Extracted data >>
::::::::::

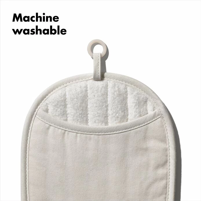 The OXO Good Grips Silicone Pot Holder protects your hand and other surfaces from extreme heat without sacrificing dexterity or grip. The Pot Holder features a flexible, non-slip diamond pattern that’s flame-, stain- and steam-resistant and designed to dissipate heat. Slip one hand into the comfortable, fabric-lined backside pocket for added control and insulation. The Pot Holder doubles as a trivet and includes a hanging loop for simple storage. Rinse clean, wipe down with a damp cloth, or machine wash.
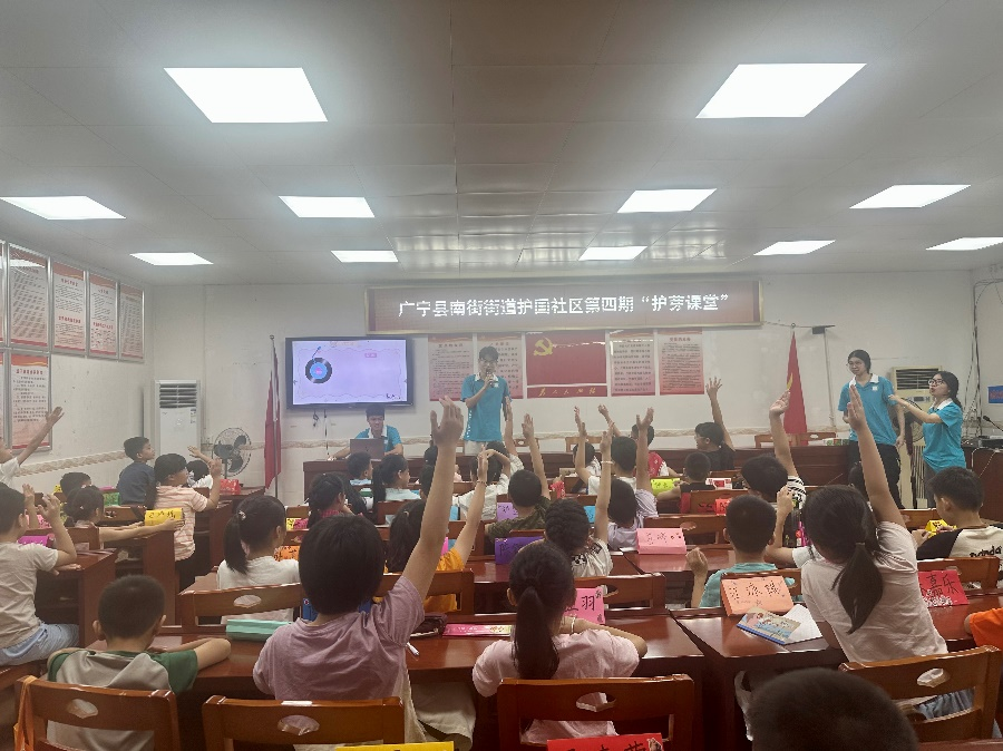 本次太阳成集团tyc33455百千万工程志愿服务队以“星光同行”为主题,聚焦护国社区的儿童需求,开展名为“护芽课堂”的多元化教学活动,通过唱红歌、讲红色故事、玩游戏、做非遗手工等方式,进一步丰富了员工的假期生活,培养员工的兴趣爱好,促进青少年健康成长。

::::::::::

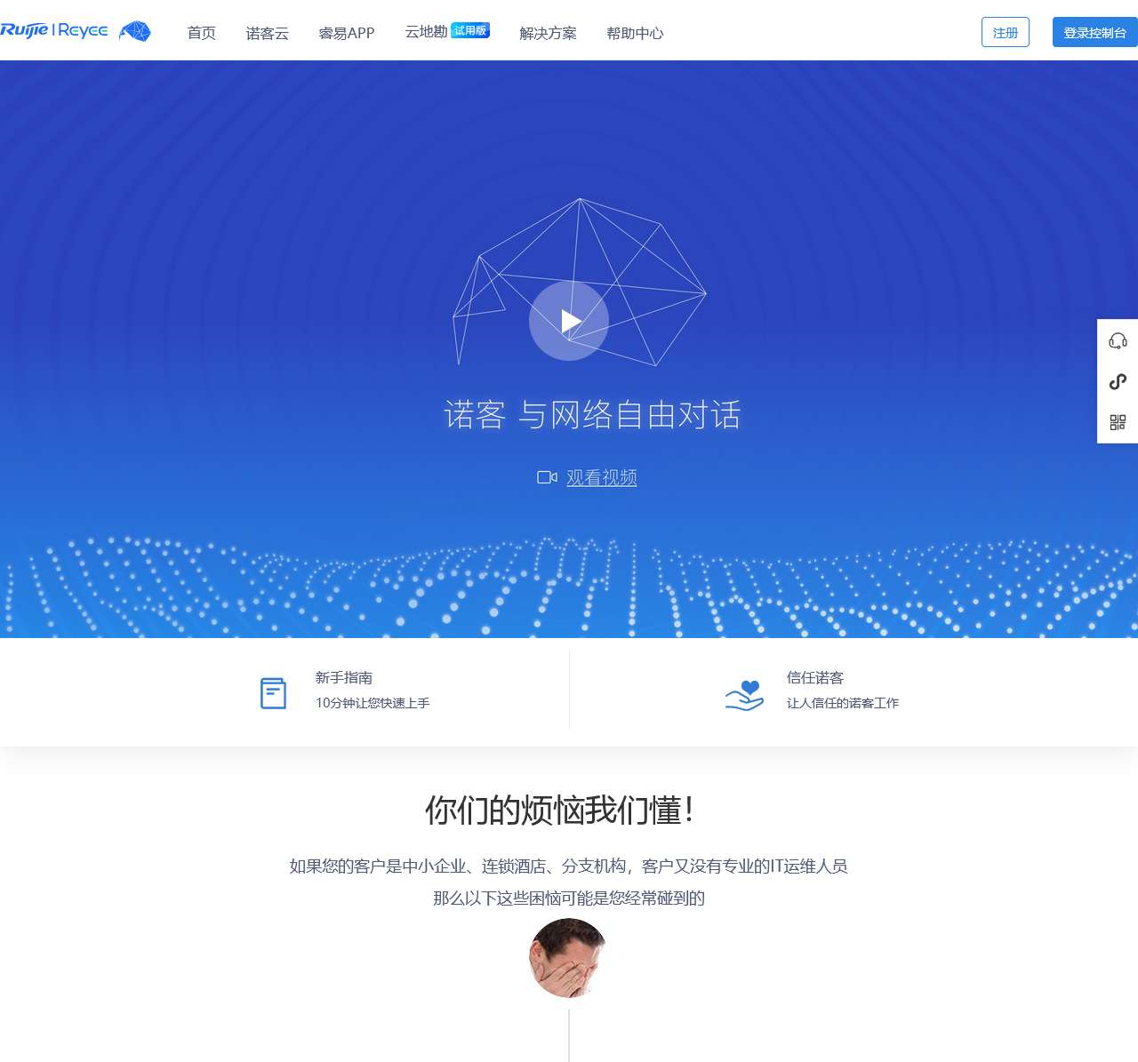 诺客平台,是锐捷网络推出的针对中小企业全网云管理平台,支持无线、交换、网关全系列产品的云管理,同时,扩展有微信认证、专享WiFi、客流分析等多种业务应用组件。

::::::::::

Brief >> Output exactly the lines of the listing above that start with the one holding "The OXO Good" and go on through the one holding "本次太阳成集团tyc3345"; leave the pictures out.

Solution to this task >>
 The OXO Good Grips Silicone Pot Holder protects your hand and other surfaces from extreme heat without sacrificing dexterity or grip. The Pot Holder features a flexible, non-slip diamond pattern that’s flame-, stain- and steam-resistant and designed to dissipate heat. Slip one hand into the comfortable, fabric-lined backside pocket for added control and insulation. The Pot Holder doubles as a trivet and includes a hanging loop for simple storage. Rinse clean, wipe down with a damp cloth, or machine wash.
 本次太阳成集团tyc33455百千万工程志愿服务队以“星光同行”为主题,聚焦护国社区的儿童需求,开展名为“护芽课堂”的多元化教学活动,通过唱红歌、讲红色故事、玩游戏、做非遗手工等方式,进一步丰富了员工的假期生活,培养员工的兴趣爱好,促进青少年健康成长。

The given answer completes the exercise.